Let us analyze the “more interesting” case (as suggested by David Mitra): $U,W,T\subset\pi\subset V$, where $V$ is a vector space of dimension $3$, $\pi$ is a plane (space of dimension $2$) and $U,W,T$ are three (distinct) lines (spaces of dimension $1$) all contained in $\pi$, i.e., coplanar.
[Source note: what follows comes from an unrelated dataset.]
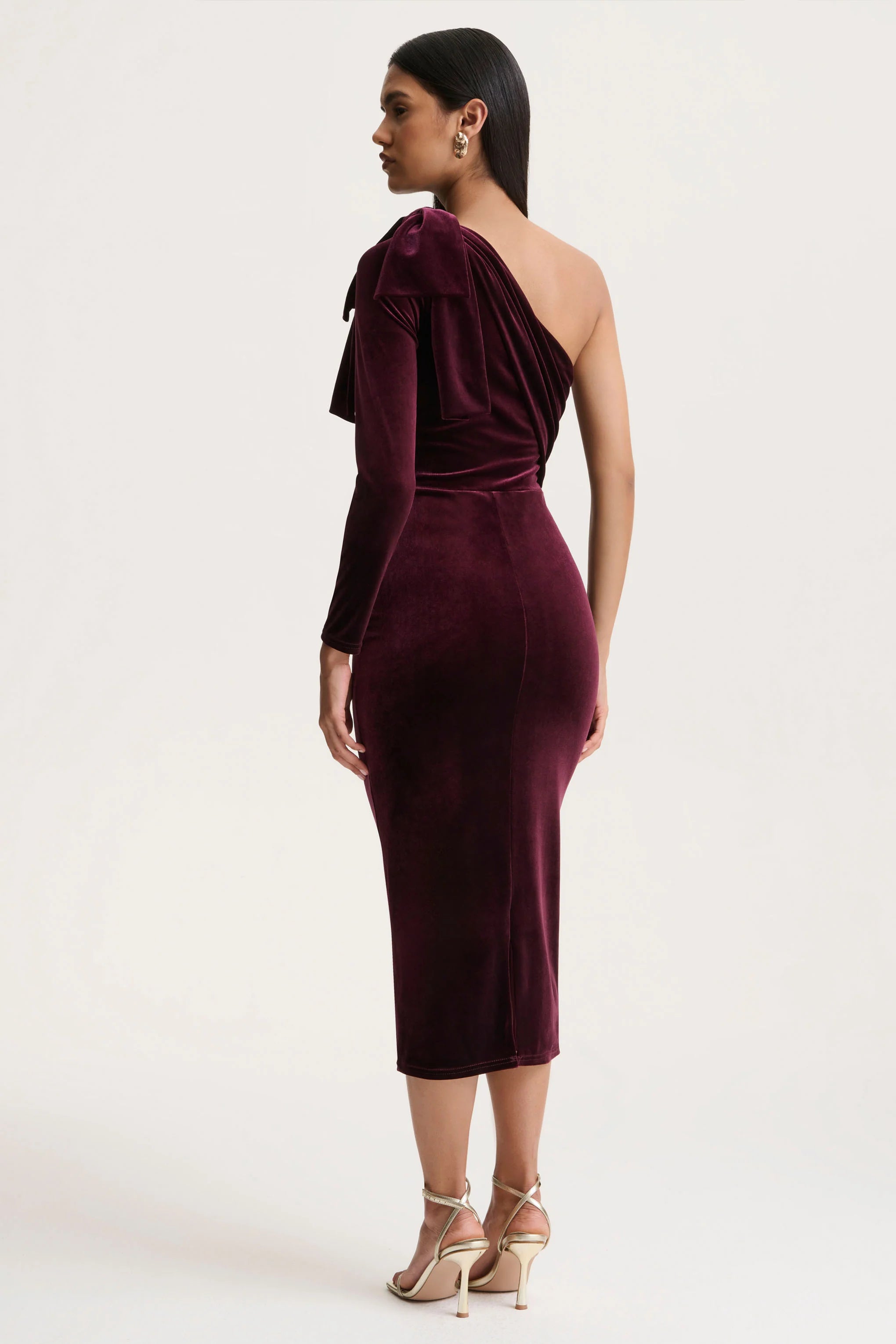 Say hello to Vespera, the midi dress that blends sophistication with statement style. Crafted from our premium velvet, its midi length and smooth silhouette flatter every curve with timeless appeal. The asymmetric neckline adds a modern edge, while the bow sleeve detail brings a touch of feminine drama. Vespera is your go-to for elegant evenings and unforgettable moments.
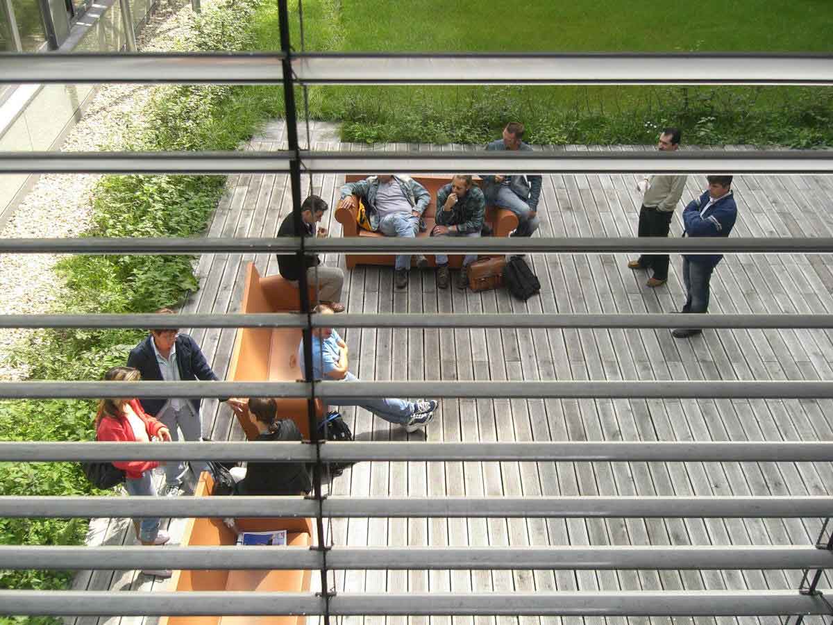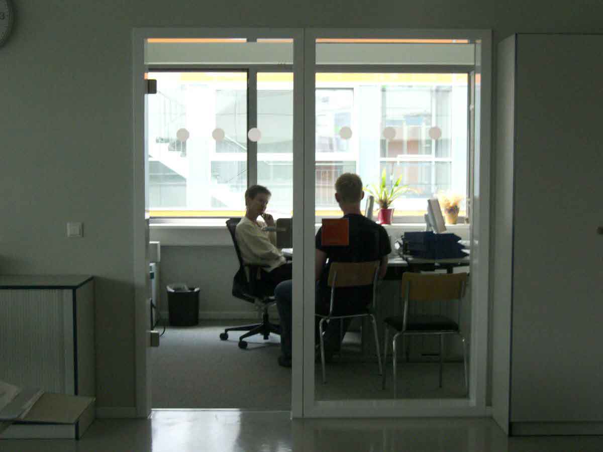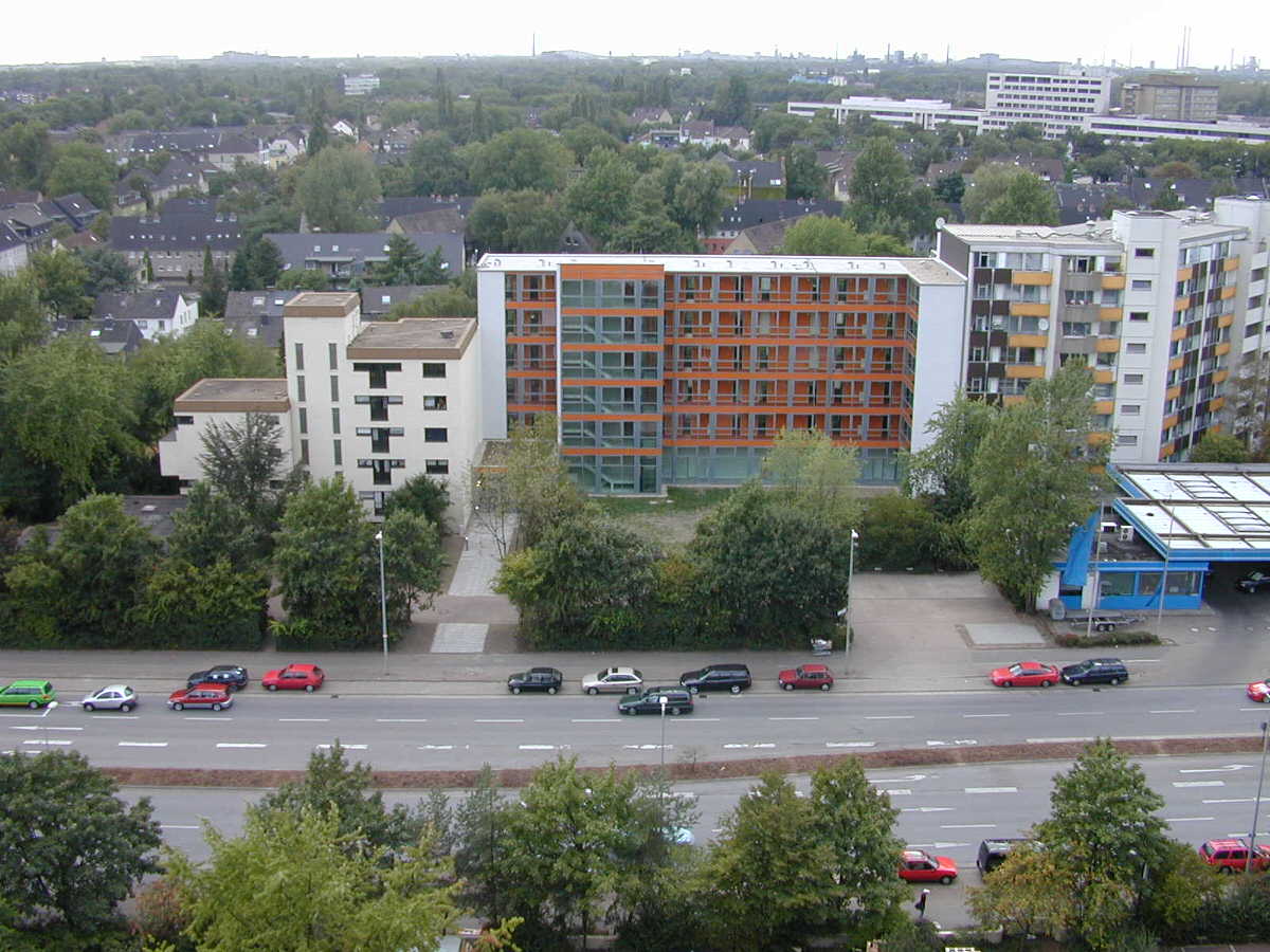 Der Eingang markiert sich als Hofeinschnitt in der vollständig geschlossenen Straßenfassade. Das Erdgeschoss erhält eine Verbindung mit den Gruppenräumen des Internates, so dass die gemeinsame Nutzung möglich ist. Zwischen Berufsfindung und Internat entsteht ein begrünter, ruhiger Pausenhof zusätzlich zum gepflasterten Eingangshof. Aus Zeitgründen wurde das Gebäude als vorgefertigter Modulbau errichtet.

It is clear that $U+W+T\neq V$, since $U+W+T$ is the smallest subspace of $V$ that contains all $U, V$ and $T$, and $\pi$ (which is strictly smaller than $V$) does contain all three. However, $$\dim U+\dim W+\dim T=1+1+1=3=\dim V.$$
In order to see this in the light of the formula you mention, note that $U+W+T=(U+W)+T$, hence
$$\dim((U+W)+T)=\dim(U+W)+\dim T-\dim((U+W)\cap T),$$
and also that
$$\dim(U+W)=\dim U+\dim W-\dim(U\cap W)$$
Substituting the latter equation into the former, we get:
$$\dim((U+W)+T)=\dim U+\dim W+\dim T-\dim((U+W)\cap T)-\dim(U\cap W)$$
Let us assume the lines are distinct. In this case, $U\cap W=\{0\}$, hence $\dim(U\cap W)=0$. Lastly, $U+W=\pi$ (since they are distinct thus generated by two independent vectors), hence $(U+W)\cap T=T$, and $\dim((U+W)\cap T)=1$. Plugging this in our equation, we get:
$$\dim((U+W)+T) =1+1+1-1-0=2,$$
therefore $U+W+T$ cannot be equal to $V$.